Coming in at £200/$200, the price has seen a hefty mark-up. If you’re desperate for Bluetooth connectivity or reckon the significant improvements to mic quality are worth splashing out for, this updated unit will see you right. Otherwise, it may be worth picking up an older BlackShark V2 Pro model to save your pennies.
Design and features
- Updated with USB-C charging port
- Reinforced steel headband
- New Bluetooth connectivity
The Razer BlackShark V2 Pro (2023) might not mark much of a visual change from its predecessors but includes a handful of useful quality-of-life changes. The microUSB charging port on the headset’s first model (an oddly outdated design choice even for 2020) has been replaced with USB-C, the spindly stainless steel sliders that connect the ear cups to the main headband have been reinforced, and extra padding has been placed around both.
There’s also a mute microphone button on the left ear cup and a chunky volume knob above it. The volume dial, in particular, is welcome. Although it was included on the older BlackShark V2 Pro models, it’s still absent from many top-price headsets and saves you the faff of having to adjust volume using in-game sliders.
As well as connecting through a USB receiver, new Bluetooth connectivity comes in handy when using the headset with a mobile phone or Nintendo Switch. But Razer’s decision to drop the 3.5mm audio jack is irritating. Even in our current age of obsessive wirelessness, a wired connection is often useful in a pinch, and its omission here makes the headset unusable for Xbox players (Microsoft still uses a proprietary wireless connection system that doesn’t work with standard Bluetooth or a USB receiver).
Battery life, however, is much more impressive. Razer claims it’ll last for 70 hours when connected through the 2.4Ghz receiver, and up to 90 hours on Bluetooth. From testing, that seems eminently reasonable. After using the headset for a week with the USB dongle, it drained less than half of its battery capacity. This is the kind of device you can happily use for weeks without charging, before juicing it up again in only a few hours.
A button on the right ear cup now lets you rotate between audio profiles, including EQ set-ups for gaming, music and movies, plus five presets tuned to provide optimum audio settings for Apex Legends, Fortnite, Call of Duty, CS:GO and Valorant. It’s hardly a game-changer, and does more to emphasise that this headset is targeted towards those who dig competitive multiplayer games. But for more intricate, manual EQ adjustments, you can use the accompanying Razer Synapse app. Synapse has never been particularly intuitive – and is still bogged down by a lot of bloat – but is far from the headache it used to be. I was able to whip up a passable audio profile in only a few minutes.

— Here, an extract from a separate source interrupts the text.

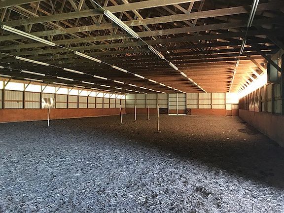This property is AWESOME! Beautiful home that overlooks a fully stocked lake with dock. Huge horse barn with 13 stalls and an indoor riding arena. Over 8 miles of recreational trails for riding horses or ATVs. Small cabin with bigger lake that has it's own island, outdoor pizza oven, and dock.

It’s also worth noting that this is one truly comfortable headset. The padding around the headband and ear cups is nicely cushioned, and it sits snugly around my head without pinching. The headband extension is also rather generous, so I imagine even those with the biggest craniums will find that it sits well.
Audio and microphone
- Improved microphone
- Same Razer Triforce drivers as the previous models
The Razer BlackShark V2 Pro (2023)’s big sell is its improved microphone. It’s a serious step above the previous model, as well as a lot of other top-tier headsets around this price. As a 9.9mm condenser mic running a 32kHz sampling rate, it sounds deep, warm and free from background noise. Although it’s an odd upgrade in some respects. Unless you plan to do a lot of streaming or use the headset for recording (which is definitely possible with this broadcast-worthy quality), you won’t hear the benefits of those improvements yourself.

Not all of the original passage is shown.